Request:72; Frequency: 0.06953925173061648 requests/s


#### Now let’s merge the data into a pandas DataFrame to examine what we’ve managed to scrape.

## Examining the scraped data

#### In the next code block we:

- **Merge the data** into a **pandas DataFrame.**
- Print some informations about the **newly created DataFrame.**
- Show the **first 10 entries.**

In [33]:
movie_ratings = pd.DataFrame({'movie': names,
'year': years,
'imdb': imdb_ratings,
'metascore': metascores,
'votes': votes
})
print(movie_ratings.info())
movie_ratings.head(10)

<class 'pandas.core.frame.DataFrame'>
RangeIndex: 3276 entries, 0 to 3275
Data columns (total 5 columns):
movie        3276 non-null object
year         3276 non-null object
imdb         3276 non-null float64
metascore    3276 non-null int64
votes        3276 non-null int64
dtypes: float64(1), int64(2), object(2)
memory usage: 128.0+ KB
None


Unnamed: 0,movie,year,imdb,metascore,votes
0,Gladiator,(2000),8.5,67,1228428
1,Memento,(2000),8.4,80,1041639
2,Snatch,(2000),8.3,55,726707
3,Requiem for a Dream,(2000),8.3,68,708268
4,X-Men,(2000),7.4,64,541810
5,Cast Away,(2000),7.8,73,478440
6,American Psycho,(2000),7.6,64,437159
7,Unbreakable,(2000),7.3,62,358201
8,Meet the Parents,(2000),7.0,73,294992
9,Mission: Impossible II,(2000),6.1,59,293940


### Observation:
- The output of info() shows we collected data for well over 2000 movies.
- We can also see that there are no null values in our dataset whatsoever.

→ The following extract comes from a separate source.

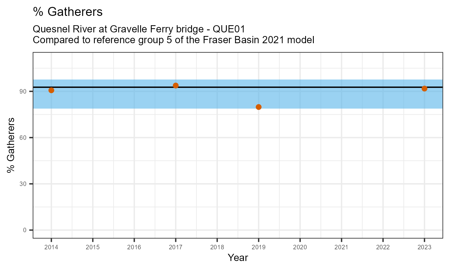 % Gatherers is the proportion of taxonomic familes present that feed primarily on fine organic matter in the water. The proportion of gatherers is expected to increase at a site in response to disturbance.

## Cleaning the scraped data

#### our data cleaning will consist of:

- Reordering the columns.
- Cleaning the year column and convert the values to integers.
- Checking the extreme rating values to determine if all the ratings are within the expected intervals.
- Normalizing one of the ratings type (or both) for generating a comparative histogram.

In [34]:
movie_ratings = movie_ratings[['movie', 'year', 'imdb', 'metascore', 'votes']]
movie_ratings.head()

Unnamed: 0,movie,year,imdb,metascore,votes
0,Gladiator,(2000),8.5,67,1228428
1,Memento,(2000),8.4,80,1041639
2,Snatch,(2000),8.3,55,726707
3,Requiem for a Dream,(2000),8.3,68,708268
4,X-Men,(2000),7.4,64,541810


#### Now let’s convert all the values in the year column to integers.

In [35]:
movie_ratings['year'].unique()

array(['(2000)', '(I) (2000)', '(2001)', '(2002)', '(2003)', '(2004)',
       '(I) (2004)', '(2005)', '(I) (2005)', '(2006)', '(I) (2006)',
       '(2007)', '(I) (2007)', '(2008)', '(I) (2008)', '(2009)',
       '(I) (2009)', '(2010)', '(I) (2010)', '(2011)', '(I) (2011)',
       '(2012)', '(I) (2012)', '(2013)', '(I) (2013)', '(2014)',
       '(I) (2014)', '(II) (2014)', '(2015)', '(I) (2015)', '(II) (2015)',
       '(2016)', '(II) (2016)', '(I) (2016)', '(IX) (2016)', '(2017)',
       '(I) (2017)'], dtype=object)

- Counting from the end toward beginning, we can see that the years are always located from the **fifth character to the second.**
- We’ll use the **.str() method** to select only that interval. 
- We’ll also convert the result to an integer using the **astype() method:**

In [36]:
movie_ratings.loc[:, 'year'] = movie_ratings['year'].str[-5:-1].astype(int)

In [37]:
movie_ratings['year'].head(3)

0    2000
1    2000
2    2000
Name: year, dtype: int32

#### we’ll check the minimum and maximum values of each type of rating. We can do this very quickly by using pandas’ describe() method.

In [38]:
movie_ratings.describe().loc[['min', 'max'], ['imdb', 'metascore']]

Unnamed: 0,imdb,metascore
min,4.1,24.0
max,9.0,100.0


#### There are no unexpected outliers.

#### Let’s normalize the imdb column to a 100-points scale.

In [39]:
movie_ratings['n_imdb'] = movie_ratings['imdb'] * 10
movie_ratings.head(3)

Unnamed: 0,movie,year,imdb,metascore,votes,n_imdb
0,Gladiator,2000,8.5,67,1228428,85.0
1,Memento,2000,8.4,80,1041639,84.0
2,Snatch,2000,8.3,55,726707,83.0


In [40]:
movie_ratings.to_csv('movie_ratings.csv')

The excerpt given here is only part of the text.